TASK BRIEF - Among the lines below, keep only those from the one containing "Skøn heldragt i" through the one containing "TRWA REKRUTACJA! Kurs", and reproduce them exactly.

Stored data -
------------------------

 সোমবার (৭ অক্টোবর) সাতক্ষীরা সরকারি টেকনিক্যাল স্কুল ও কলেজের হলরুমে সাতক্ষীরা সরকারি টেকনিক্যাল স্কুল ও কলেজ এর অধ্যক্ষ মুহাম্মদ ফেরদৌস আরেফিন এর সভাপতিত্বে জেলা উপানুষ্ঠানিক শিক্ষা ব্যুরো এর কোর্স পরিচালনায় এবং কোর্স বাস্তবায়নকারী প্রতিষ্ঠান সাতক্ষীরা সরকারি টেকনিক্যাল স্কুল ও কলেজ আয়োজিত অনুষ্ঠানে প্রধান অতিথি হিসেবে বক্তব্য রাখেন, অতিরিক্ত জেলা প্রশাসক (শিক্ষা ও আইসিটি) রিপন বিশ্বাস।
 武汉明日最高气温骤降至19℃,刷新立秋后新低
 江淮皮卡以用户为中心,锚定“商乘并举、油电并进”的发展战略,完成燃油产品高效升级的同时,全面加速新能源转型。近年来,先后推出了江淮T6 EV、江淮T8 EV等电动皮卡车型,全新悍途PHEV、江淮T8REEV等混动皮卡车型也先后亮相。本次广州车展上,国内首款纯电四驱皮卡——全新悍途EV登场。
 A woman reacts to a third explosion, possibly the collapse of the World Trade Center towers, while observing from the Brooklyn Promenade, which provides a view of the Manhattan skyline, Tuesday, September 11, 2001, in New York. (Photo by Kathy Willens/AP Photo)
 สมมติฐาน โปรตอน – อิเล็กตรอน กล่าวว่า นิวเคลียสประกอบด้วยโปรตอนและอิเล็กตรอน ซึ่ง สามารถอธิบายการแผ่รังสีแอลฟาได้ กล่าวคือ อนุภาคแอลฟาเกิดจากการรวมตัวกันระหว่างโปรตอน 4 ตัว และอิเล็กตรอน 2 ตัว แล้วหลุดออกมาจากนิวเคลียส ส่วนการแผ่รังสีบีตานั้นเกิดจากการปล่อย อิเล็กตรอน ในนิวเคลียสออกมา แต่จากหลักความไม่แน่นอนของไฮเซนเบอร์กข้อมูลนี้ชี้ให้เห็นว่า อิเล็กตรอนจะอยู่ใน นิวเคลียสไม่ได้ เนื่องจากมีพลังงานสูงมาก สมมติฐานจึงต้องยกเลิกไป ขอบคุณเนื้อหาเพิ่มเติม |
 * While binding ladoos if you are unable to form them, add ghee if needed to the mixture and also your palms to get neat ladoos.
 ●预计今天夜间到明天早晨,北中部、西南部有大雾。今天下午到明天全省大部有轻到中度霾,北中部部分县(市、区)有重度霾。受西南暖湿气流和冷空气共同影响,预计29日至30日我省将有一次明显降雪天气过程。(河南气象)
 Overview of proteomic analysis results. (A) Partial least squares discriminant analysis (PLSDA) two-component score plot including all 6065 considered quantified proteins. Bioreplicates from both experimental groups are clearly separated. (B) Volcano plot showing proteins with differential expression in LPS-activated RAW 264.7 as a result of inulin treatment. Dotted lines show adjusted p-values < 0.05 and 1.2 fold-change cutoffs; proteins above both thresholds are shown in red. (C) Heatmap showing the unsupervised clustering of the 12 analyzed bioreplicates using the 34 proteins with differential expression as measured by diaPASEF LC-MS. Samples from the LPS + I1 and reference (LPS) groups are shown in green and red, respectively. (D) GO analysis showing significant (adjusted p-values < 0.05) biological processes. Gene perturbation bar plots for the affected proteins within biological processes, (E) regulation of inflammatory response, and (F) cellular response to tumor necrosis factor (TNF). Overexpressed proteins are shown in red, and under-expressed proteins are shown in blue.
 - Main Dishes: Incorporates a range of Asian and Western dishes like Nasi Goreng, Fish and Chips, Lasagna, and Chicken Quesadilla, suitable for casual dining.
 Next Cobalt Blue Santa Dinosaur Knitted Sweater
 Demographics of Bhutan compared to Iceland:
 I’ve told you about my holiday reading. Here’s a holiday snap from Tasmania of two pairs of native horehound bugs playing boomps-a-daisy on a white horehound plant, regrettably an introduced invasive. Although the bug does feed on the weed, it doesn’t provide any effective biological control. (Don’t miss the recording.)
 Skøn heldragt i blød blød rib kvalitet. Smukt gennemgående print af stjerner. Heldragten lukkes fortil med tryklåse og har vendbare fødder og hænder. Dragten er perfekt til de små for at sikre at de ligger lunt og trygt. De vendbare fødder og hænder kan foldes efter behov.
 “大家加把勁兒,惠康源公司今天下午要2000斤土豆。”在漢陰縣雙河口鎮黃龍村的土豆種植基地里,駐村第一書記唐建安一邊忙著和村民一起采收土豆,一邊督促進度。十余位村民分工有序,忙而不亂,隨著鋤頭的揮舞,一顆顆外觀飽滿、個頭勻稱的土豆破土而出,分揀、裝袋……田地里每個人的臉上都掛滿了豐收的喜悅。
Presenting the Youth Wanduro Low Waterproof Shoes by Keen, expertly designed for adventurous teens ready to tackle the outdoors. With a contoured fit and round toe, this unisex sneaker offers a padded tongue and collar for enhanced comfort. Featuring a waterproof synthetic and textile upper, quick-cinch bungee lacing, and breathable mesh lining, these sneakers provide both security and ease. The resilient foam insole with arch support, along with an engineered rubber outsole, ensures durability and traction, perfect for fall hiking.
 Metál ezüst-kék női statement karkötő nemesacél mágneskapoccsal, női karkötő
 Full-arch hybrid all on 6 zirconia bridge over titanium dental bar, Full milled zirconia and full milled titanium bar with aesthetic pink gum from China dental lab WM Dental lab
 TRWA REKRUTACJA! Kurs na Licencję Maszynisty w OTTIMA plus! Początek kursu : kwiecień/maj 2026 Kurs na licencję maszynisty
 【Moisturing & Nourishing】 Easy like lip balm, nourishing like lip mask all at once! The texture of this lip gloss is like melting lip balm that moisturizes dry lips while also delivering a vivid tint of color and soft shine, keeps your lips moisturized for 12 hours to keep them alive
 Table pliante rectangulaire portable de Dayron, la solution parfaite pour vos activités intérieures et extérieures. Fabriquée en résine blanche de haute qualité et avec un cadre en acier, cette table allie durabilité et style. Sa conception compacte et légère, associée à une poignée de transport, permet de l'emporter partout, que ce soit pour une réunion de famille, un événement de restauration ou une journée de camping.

------------------------

WRITTEN SOLUTION -
 Skøn heldragt i blød blød rib kvalitet. Smukt gennemgående print af stjerner. Heldragten lukkes fortil med tryklåse og har vendbare fødder og hænder. Dragten er perfekt til de små for at sikre at de ligger lunt og trygt. De vendbare fødder og hænder kan foldes efter behov.
 “大家加把勁兒,惠康源公司今天下午要2000斤土豆。”在漢陰縣雙河口鎮黃龍村的土豆種植基地里,駐村第一書記唐建安一邊忙著和村民一起采收土豆,一邊督促進度。十余位村民分工有序,忙而不亂,隨著鋤頭的揮舞,一顆顆外觀飽滿、個頭勻稱的土豆破土而出,分揀、裝袋……田地里每個人的臉上都掛滿了豐收的喜悅。
Presenting the Youth Wanduro Low Waterproof Shoes by Keen, expertly designed for adventurous teens ready to tackle the outdoors. With a contoured fit and round toe, this unisex sneaker offers a padded tongue and collar for enhanced comfort. Featuring a waterproof synthetic and textile upper, quick-cinch bungee lacing, and breathable mesh lining, these sneakers provide both security and ease. The resilient foam insole with arch support, along with an engineered rubber outsole, ensures durability and traction, perfect for fall hiking.
 Metál ezüst-kék női statement karkötő nemesacél mágneskapoccsal, női karkötő
 Full-arch hybrid all on 6 zirconia bridge over titanium dental bar, Full milled zirconia and full milled titanium bar with aesthetic pink gum from China dental lab WM Dental lab
 TRWA REKRUTACJA! Kurs na Licencję Maszynisty w OTTIMA plus! Początek kursu : kwiecień/maj 2026 Kurs na licencję maszynisty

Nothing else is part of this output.